低い調理台で手早く野菜を刻んでいく。大学入学を機に、車いす生活になれるために一人暮らしを始めて、そろそろ2年。料理も初めのころよりはずいぶんとうまくなったはずだ。焦がすばかりだったあの頃と比べれば、雲泥の差だろう。

いついなくなるのかわからないんだから。みょうじの母の口癖だった。親に何かあったときでも、一人で生きていけるように。車いすの生活を始めたみょうじに、みょうじ母は家事方面で鍛えぬいた。お陰様なんとか一人暮らしでも生きていけている。太刀川という助力もあるが、邪魔になることの方が多いだろうから、それは助力に数えなくていい、と明言したのはみょうじ母と、太刀川母そのひとである。

大学に通いながら、家事をきちんとする。空いた隙間は、友人と遊ぶよりも、自分の部屋に戻ってきて、もっぱら趣味にいそしんだ。遊びに行った先で友人たちに気遣わせるよりは、その方が自分も気楽だったからだみょうじが自宅でできる趣味など限られていた。つまり、机上でできるものだ。
凝り性のみょうじはまず手にとりやすかったビーズアクセサリーに目覚め、羊毛フェルトに目覚め、直に物足りなくなって革小物や彫金にはまった。その頃には趣味の域をこえ、いつの間にかそれを仕事にできるまでになった。なかなかの収入を得ているが、それらすべて車いす生活を快適にするために改造した今のマンションの返済に充てているため、まだ親のすねかじりの身の上である。

そうして、みょうじはひとりで生きていくための土台を、両親の協力を得ながら作り上げている最中である。このままいけば、もしかしたら小物を作って売り、それで生活することも可能になるかもしれない。
豚ミンチと刻んだ野菜を加熱したフライパンで炒める。野菜の火が通るころに太刀川が電子レンジで解凍してくれた冷凍ご飯を放りこみ、中華だしと胡椒で味を調える。味見をして、味見させて、問題なければ皿に盛るだけで完成だ。
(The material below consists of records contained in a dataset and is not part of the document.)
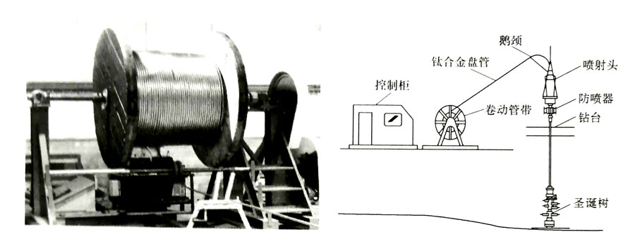井下作業(yè)流送管通常采用Grade2、Grade7、Grade9、Grade12、Grade18、Grade28等六種鈦及鈦合金焊接盤管制造,目前的最大外徑為63.5mm,最小壁厚為3.2mm,盤管長(zhǎng)度可達(dá)1630~3050m。據(jù)報(bào)道,未來盤管的目標(biāo)外徑希望達(dá)到152mm。使用鈦合金盤管代替鋼制盤管后,其盤管的疲勞壽命是鋼制盤管的5~10倍。同時(shí),其在含酸或含硫井中的腐蝕疲勞壽命也得到了較大提高。圖5為鈦合金盤管的產(chǎn)品實(shí)物照片及其應(yīng)用示意圖。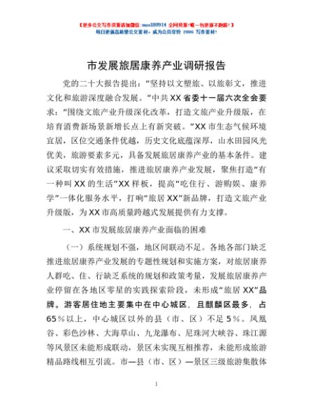 / 市发展旅居康养产业调研报告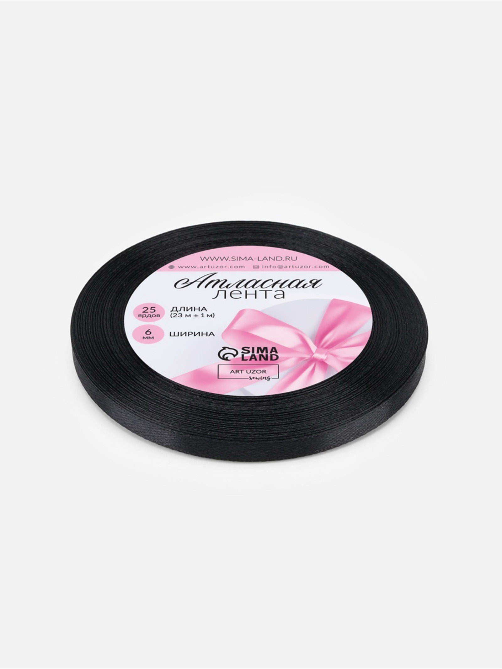 Лента атласная, 6 мм, 23+-1 м, чёрная №39, 9x9x0.6 см., Арт Узор, Китай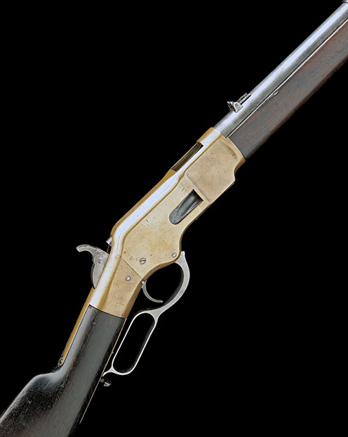 for 1871, with 20in. round barrel, the top signed 'WINCHESTER'S REPEATING ARMS, NEW HAVEN CT' over 'KINGS-IMPROVEMENT-PATENTED-MARCH 29 1866 OCTOBER 16 1860' (faint and rubbed), blade fore-sight on the front barrel-band, folding ladder rear-sight, bronze open-topped receiver, no provision for peep-sight or model designation stamp, walnut straight hand butt-stock, carbine style brass butt-plate with central sliding trapdoor, the interior cavity containing the original take-down cleaning rod, small sized finger-loop to underlever, walnut fore-end with barrel band, full length under-barrel magazine and saddle-ring to left hand side of receiver
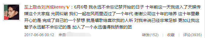 鳳凰網(wǎng)娛樂訊 6月6日,劉洲成在微博發(fā)文表示自己將離開待了十年的天娛,稱很感激公司這十年的培養(yǎng)以及能夠加入至上勵合這個組合,他說幾個成員都像他最重要的家人。他還表示,最近有人想要把這十年的努力毀掉。

この簡単な作業ですら、切り傷や火傷になる太刀川に、どうやって調理を任せることができるだろうか。みょうじよりよっぽど太刀川の方が自活できそうにない。将来本当に大丈夫なんだろうか。幼馴染の行く末を心配しながら、差し出された皿を受け取ろうとしたとき、遠く、けれどはっきりした音が鳴り響いた。

《緊急警報。緊急警報。門が市街地に発生します。市民の皆様はただちに避難してください》

太刀川の手から離れた皿が、みょうじの手をすりぬけて落ちる。カラン、と乾いた音がするのは、みょうじの家にある食器のすべてが、プラスチック製だからだった。上半身しか動かないみょうじには、少しばかり遠すぎる距離だった。

「――行けよ、慶」

「……なまえ」

「それが、お前の仕事なんだろ」

微笑むと、太刀川は唇を噛みしめ、ごめんと小さく謝罪しながらみょうじの部屋を後にした。残されたのは湯気を立てる出来上がったばかりのチャーハン。
これが正しい距離なのだと、みょうじは思っている。



太刀川慶がボーダーという組織に入隊したのは、少し前のことになる。少し、といっても数年前のことで、みょうじの足が不随になって少しした頃のことだ。
強くなりたい。そう語った入隊の理由には、もちろんみょうじのことがあったのだろう。今までボーダーという単語すら口にしなかった癖に、いきなり入隊した太刀川である。理由は明白なように思えた。

入った頃は普通の少年だった太刀川が戦闘狂じみているのは本来の資質だったとして、めきめきと頭角を現し、短期間でA級隊員、No.1アタッカーになったのは、本人の資質と、その努力の証に違いなかった。
その頃といえば、みょうじは車いすの生活に慣れるので必死だった気がはずだ。落ち込んだり、後悔したり、恨んだりもした。なんでおれだけこんな目に、と世界を呪いもした。けれど現実は非情なまでに変わることがなかったし、時間はもっと残酷だった。うじうじくよくよしているうちにも、時間は経過していく。世間に置いて行かれるあの感覚は、言葉では表現できない。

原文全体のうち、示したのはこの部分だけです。